= Beginning of Section =

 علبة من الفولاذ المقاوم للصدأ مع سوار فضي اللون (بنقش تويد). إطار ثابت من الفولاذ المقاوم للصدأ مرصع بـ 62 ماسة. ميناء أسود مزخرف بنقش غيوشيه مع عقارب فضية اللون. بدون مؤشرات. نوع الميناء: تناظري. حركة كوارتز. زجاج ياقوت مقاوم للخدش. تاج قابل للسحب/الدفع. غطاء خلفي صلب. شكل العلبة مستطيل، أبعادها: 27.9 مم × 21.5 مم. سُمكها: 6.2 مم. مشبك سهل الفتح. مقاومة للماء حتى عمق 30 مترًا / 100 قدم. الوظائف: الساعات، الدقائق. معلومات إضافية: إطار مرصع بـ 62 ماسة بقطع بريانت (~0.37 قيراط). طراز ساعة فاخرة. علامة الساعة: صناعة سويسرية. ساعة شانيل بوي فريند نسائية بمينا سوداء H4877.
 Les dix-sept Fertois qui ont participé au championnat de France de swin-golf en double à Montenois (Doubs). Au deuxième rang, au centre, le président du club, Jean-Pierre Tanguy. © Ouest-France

= End of Section =
= Beginning of Section =

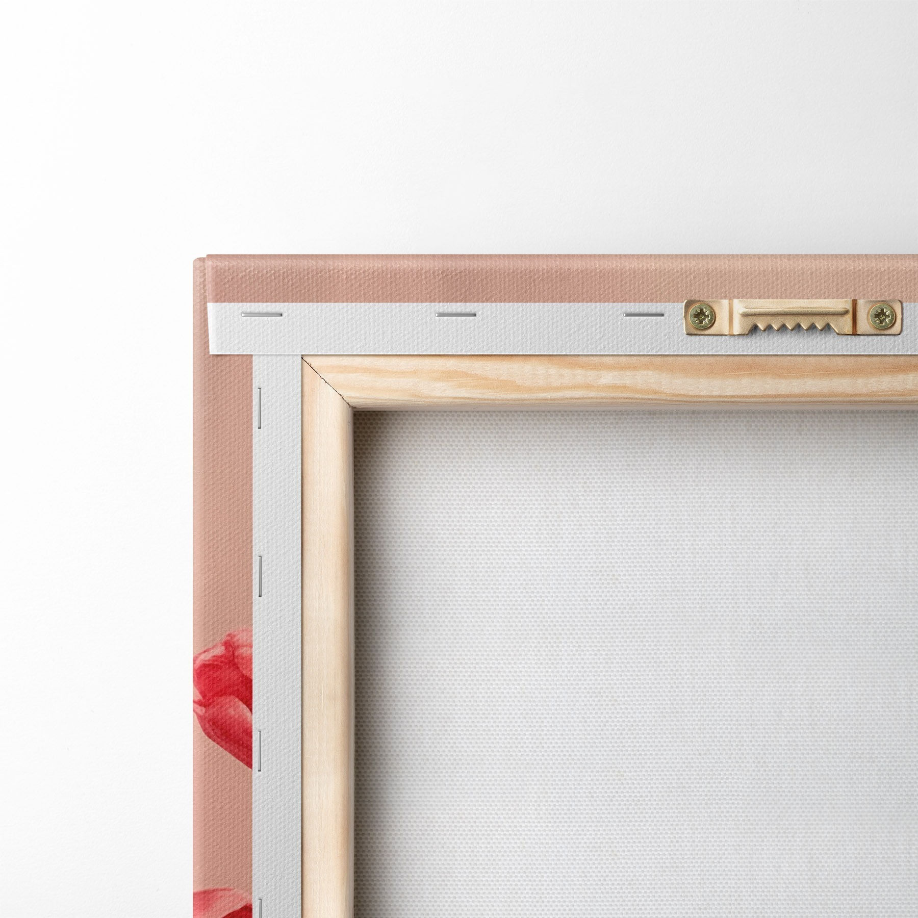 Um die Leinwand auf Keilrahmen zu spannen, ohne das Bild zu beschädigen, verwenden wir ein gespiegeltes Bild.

= End of Section =

• [Brief]
Using the entries above, give back exactly the line containing "علبة من الفولاذ", the line containing "Les dix-sept Fertois", and every line between them, and nothing else.

• [Response below]
 علبة من الفولاذ المقاوم للصدأ مع سوار فضي اللون (بنقش تويد). إطار ثابت من الفولاذ المقاوم للصدأ مرصع بـ 62 ماسة. ميناء أسود مزخرف بنقش غيوشيه مع عقارب فضية اللون. بدون مؤشرات. نوع الميناء: تناظري. حركة كوارتز. زجاج ياقوت مقاوم للخدش. تاج قابل للسحب/الدفع. غطاء خلفي صلب. شكل العلبة مستطيل، أبعادها: 27.9 مم × 21.5 مم. سُمكها: 6.2 مم. مشبك سهل الفتح. مقاومة للماء حتى عمق 30 مترًا / 100 قدم. الوظائف: الساعات، الدقائق. معلومات إضافية: إطار مرصع بـ 62 ماسة بقطع بريانت (~0.37 قيراط). طراز ساعة فاخرة. علامة الساعة: صناعة سويسرية. ساعة شانيل بوي فريند نسائية بمينا سوداء H4877.
 Les dix-sept Fertois qui ont participé au championnat de France de swin-golf en double à Montenois (Doubs). Au deuxième rang, au centre, le président du club, Jean-Pierre Tanguy. © Ouest-France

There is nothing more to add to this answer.